* Provided data:
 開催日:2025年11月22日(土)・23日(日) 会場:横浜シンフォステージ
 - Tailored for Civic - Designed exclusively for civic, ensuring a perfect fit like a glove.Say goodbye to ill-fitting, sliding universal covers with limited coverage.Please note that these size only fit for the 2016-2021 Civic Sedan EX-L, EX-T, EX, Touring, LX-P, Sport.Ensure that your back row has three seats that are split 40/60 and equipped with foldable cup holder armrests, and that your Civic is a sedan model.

--

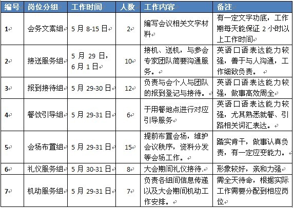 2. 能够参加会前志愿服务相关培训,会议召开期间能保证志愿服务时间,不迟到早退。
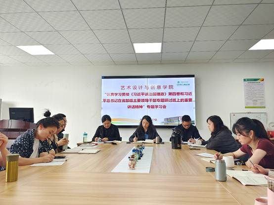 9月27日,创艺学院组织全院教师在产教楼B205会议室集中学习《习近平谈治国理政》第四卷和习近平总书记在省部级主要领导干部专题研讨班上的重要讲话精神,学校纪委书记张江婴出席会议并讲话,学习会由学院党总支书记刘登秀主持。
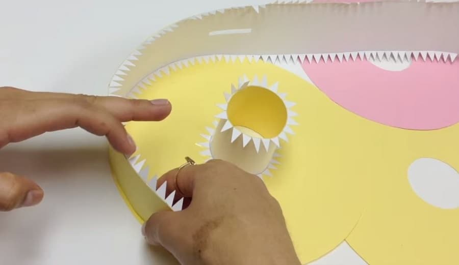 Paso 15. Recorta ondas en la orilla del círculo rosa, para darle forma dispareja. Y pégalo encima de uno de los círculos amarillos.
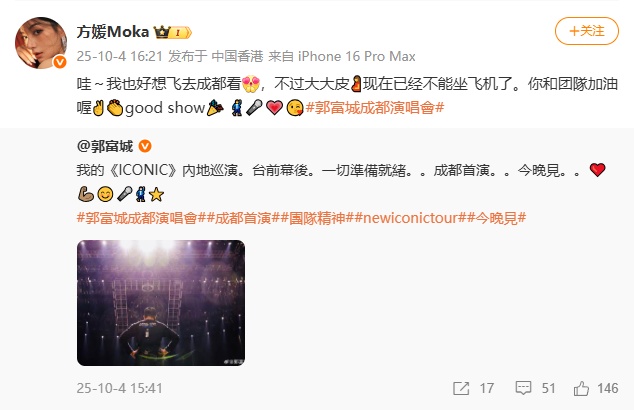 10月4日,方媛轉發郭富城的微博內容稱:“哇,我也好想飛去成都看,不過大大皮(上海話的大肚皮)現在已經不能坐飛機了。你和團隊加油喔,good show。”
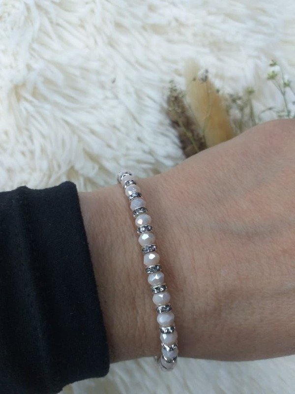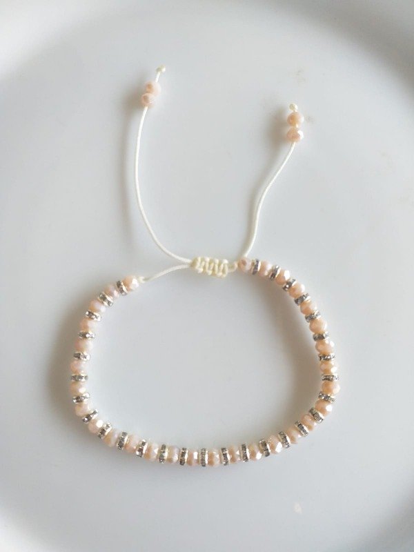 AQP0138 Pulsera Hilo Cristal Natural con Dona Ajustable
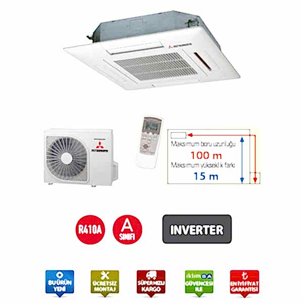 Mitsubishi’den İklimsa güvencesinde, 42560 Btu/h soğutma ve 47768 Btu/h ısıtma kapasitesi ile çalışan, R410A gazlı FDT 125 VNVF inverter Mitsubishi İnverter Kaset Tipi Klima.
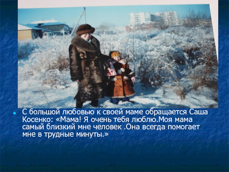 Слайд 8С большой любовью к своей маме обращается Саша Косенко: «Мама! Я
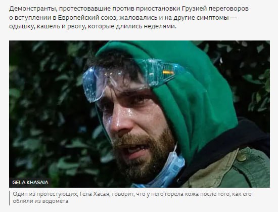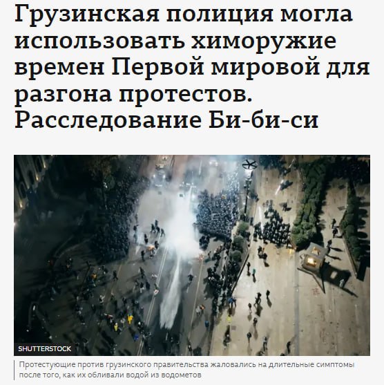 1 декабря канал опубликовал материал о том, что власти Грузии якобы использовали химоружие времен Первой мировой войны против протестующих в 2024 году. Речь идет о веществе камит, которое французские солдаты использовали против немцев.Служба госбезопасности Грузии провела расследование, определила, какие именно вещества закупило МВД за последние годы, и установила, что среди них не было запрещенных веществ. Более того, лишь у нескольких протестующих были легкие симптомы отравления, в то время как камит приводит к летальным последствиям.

* What needs to be done: Extract, without any images, the part of the material above that opens with the line containing "2. 能够参加会前志愿服务相" and closes with the line containing "1 декабря канал", both lines included.

* Reply:
 2. 能够参加会前志愿服务相关培训,会议召开期间能保证志愿服务时间,不迟到早退。
 9月27日,创艺学院组织全院教师在产教楼B205会议室集中学习《习近平谈治国理政》第四卷和习近平总书记在省部级主要领导干部专题研讨班上的重要讲话精神,学校纪委书记张江婴出席会议并讲话,学习会由学院党总支书记刘登秀主持。
 Paso 15. Recorta ondas en la orilla del círculo rosa, para darle forma dispareja. Y pégalo encima de uno de los círculos amarillos.
 10月4日,方媛轉發郭富城的微博內容稱:“哇,我也好想飛去成都看,不過大大皮(上海話的大肚皮)現在已經不能坐飛機了。你和團隊加油喔,good show。”
 AQP0138 Pulsera Hilo Cristal Natural con Dona Ajustable
 Mitsubishi’den İklimsa güvencesinde, 42560 Btu/h soğutma ve 47768 Btu/h ısıtma kapasitesi ile çalışan, R410A gazlı FDT 125 VNVF inverter Mitsubishi İnverter Kaset Tipi Klima.
 Слайд 8С большой любовью к своей маме обращается Саша Косенко: «Мама! Я
 1 декабря канал опубликовал материал о том, что власти Грузии якобы использовали химоружие времен Первой мировой войны против протестующих в 2024 году. Речь идет о веществе камит, которое французские солдаты использовали против немцев.Служба госбезопасности Грузии провела расследование, определила, какие именно вещества закупило МВД за последние годы, и установила, что среди них не было запрещенных веществ. Более того, лишь у нескольких протестующих были легкие симптомы отравления, в то время как камит приводит к летальным последствиям.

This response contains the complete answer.